- Born: 20 November 1911 Dundee, Scotland
- Died: 30 December 2010 (aged 99)
- Occupation: Scottish marathon runner
- Known for: Record for oldest female marathon finisher

= Jenny Wood-Allen =

Scottish athlete (1911–2010)

Jenny Wood-Allen MBE (20 November 1911 – 30 December 2010) was a Scottish councillor who became a marathon runner at the age of 71. She went on to run more than 50 marathons and became a Guinness World Record holder as the oldest female marathon finisher in 1999, aged 87. She was awarded an MBE in 2004 for services to charity and distance running.

== Early life ==
Wood-Allen was born Janet Soutar on 20 November 1911 in Dundee. Her parents were Margaret Kinnear and James Soutar, a chauffeur. She was one of six children and the family was not well off. She won a scholarship to Harris Academy but could not take it up as she had to leave school at 14 to work.

She took up cycling in her 20s, joining a men's cycling club. She was an unofficial Scottish women's champion time triallist as women's cycling was not a recognised sport. She was awarded honorary membership of Dundee Roadrunners.

She married Roy Wood in 1938 and they had three sons.

==Career==
Wood-Allen was a Conservative councillor, representing the West Ferry ward for 14 years, and became a Justice of the Peace in 1966. She was a champion of women's rights and education. She was also a toastmistress.

She initially took up running as a "one-off". As a councillor, she helped organise the first Dundee marathon in 1983. She trained and ran in it, despite being advised that she was too old at the age of 71. Her finishing time was 5 hours 34 minutes. She went on to run more than 50 full marathons and raised over £70,000 for charity.

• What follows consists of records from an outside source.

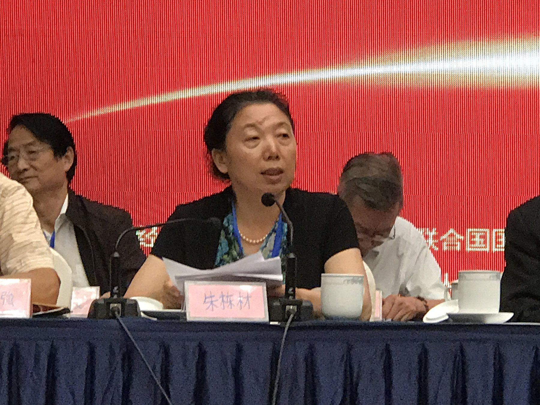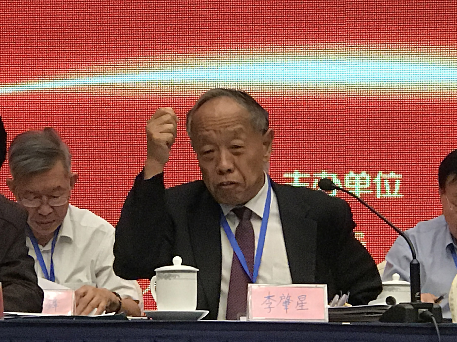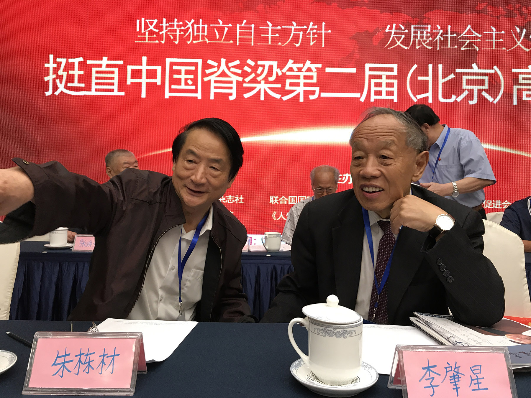 李肇星(右)、朱栋才在会议上。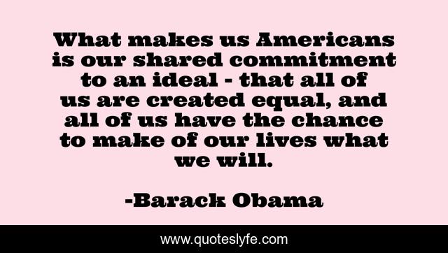 This page presents the quote "What makes us Americans is our shared commitment to an ideal - that all of us are created equal, and all of us have the chance to make of our lives what we will.". Author of this quote is Barack Obama. This quote is about commitment, equal,.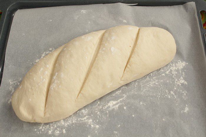 Перед выпечкой выложить аккуратно батон на бумагу для выпечки, сделать по 3 косых надреза.

Wood-Allen made national headlines when she completed the 1999 London Marathon at 87 years old. Her time of 7 hours 14 mins 46 secs earned her the Guinness World Record for Oldest Female Marathon Finisher. This record stood until 2010 when it was broken by Gladys Burrill.

In 2001, Wood-Allen ran in the London Marathon for the last time, before walking it in 2002, aged 90.

== Awards and recognition ==
Wood-Allen received an MBE in the 2004 New Year Honours List for services to Charity and Distance Running. She was also awarded an Honorary MA from the University of Dundee in 1994.

== Later life and death ==
Wood-Allen was widowed in 1991. She continued to be very active in sport, running up to 50 miles a week, and taking part in the 2006 Great Scottish Walk. She regularly attended meetings of the Dundee City Sports Council. In December 2006, £700 worth of jewellery was stolen from her home.

Wood-Allen died on 30 December 2010, aged 99 in Dundee. Her funeral was held at the parish church of Douglas on 12 January 2011, and she was cremated at Dundee Crematorium.